Megan Hayes-Golding’s Clue tweet

A tweet from Megan Hayes-Golding led to some fun:

The fun was that the very next day my sister had a first guess win playing Clue with the kids:

On our way out to eat last night the kids were wondering what the probability of a first guess win was!

They told me that she had three cards in her hand, but didn’t know what they were. Today we worked out the probability – turns out to be roughly 1 in 200.

  

This is a great problem for kids and a really nice way to reinforce some basic counting ideas.

Here’s a sketch of how we worked it out:

(1) Step 1. How many different three card hands are there? In Clue there are 6 suspect cards, 6 weapon cards, and 9 room cards, for a total of 21 cards. All of the cards are distinct, so we computed that there were 1,330 different 3 card hands ( 21 choose 3).

(2) Step 2. Compute the different kinds of three card hands, and how many of each type of hand there is. For example, we found that there were 324 3-card hands with 1 suspect, 1 weapon, and 1 room card.

After we found all of the different types of hands we double checked that this way of counting the hands also led to 1,330 different 3 card hands. It was nice to have a way to check that we’d not made any mistakes (yet!).

(3) Next we found the probability of a first guess win with each type of hand. For example, the probability of guessing right on your first guess if you have 1 suspect card, 1 weapon card, and 1 room chard is (1/5)*(1/5)*(1/8).

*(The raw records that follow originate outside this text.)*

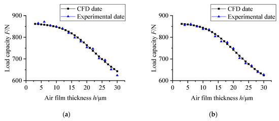 Comparison of experimental and simulation results of load capacity. (a) number of micro-holes is n = 9, l = 3 dn; (b) number of micro-holes is n = 36, l = 6 dn.
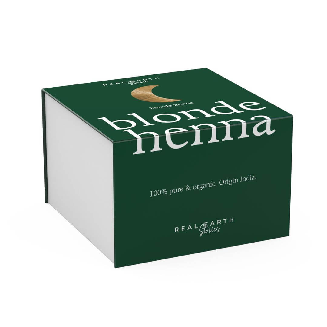 Blonde Henna – INCI: Cassia Obovata leaf powder, Lawsonia Inermis powder & Matricaria Recutita Leaf Powder.
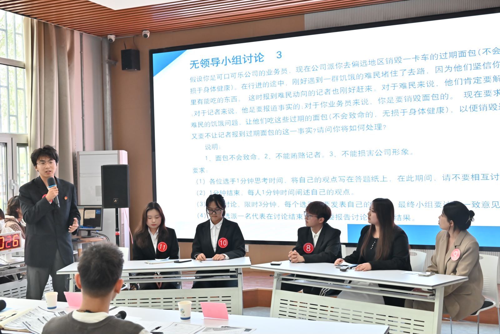 自大赛启动以来,传媒艺术系学生踊跃报名、积极参与,经过前期层层筛选,最终18名选手进入决赛。决赛分为自我介绍及串词环节、无领导小组讨论环节和自由提问环节三个环节,全方位、多维度考验了选手们团队协作、沟通技巧、语言表达等综合能力。经过激烈的角逐,比赛最终产生一等奖1名,二等奖2名,三等奖3名,优秀奖3名。
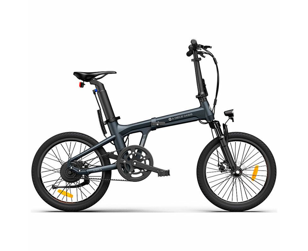 Электровелосипед ADO A20S Lite с амортизационной вилкой, карбоновым ремнем и аккумулятором Samsung для комфортных городских поездок.
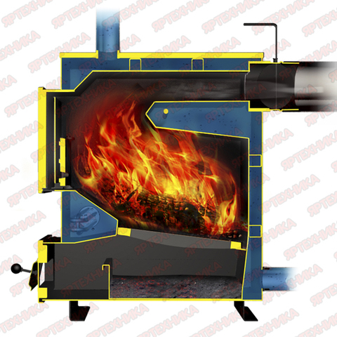 • Глубокая наклонная топка для использования длинных дров и равномерного распределения угля по всей глубине топки при засыпке.

In case you aren’t familiar with the game, you are trying to determine who committed a crime, in what room, and with what weapon. The cards revealing this information are in an envelope at the center of the board. Each card you hold tells you a particular person / item / room that was not involved in the crime. So, if you hold exactly 1 suspect card at the beginning of the game, you have 5 suspects remaining who may have committed the crime.

(4) Finally, we found the average probability from all 1,330 cases and found that it was:

3,047,827 / 603,288,000 which is about 1 in 200 🙂

You can see on the paper that we made one arithmetic mistake computing this average. We accidentally entered 81/10 instead of 81/50 in the calculation. That error led to us computing a probability of about 1 in 100, but that answer didn’t make sense because all of the individual probabilities were less than 1 in 100, so the 1/100 couldn’t have been the average.

So, a fun project and an amazing coincidence with the earlier tweet. I think this would be a great activity for a stats class. It is also a nice basic counting example, too.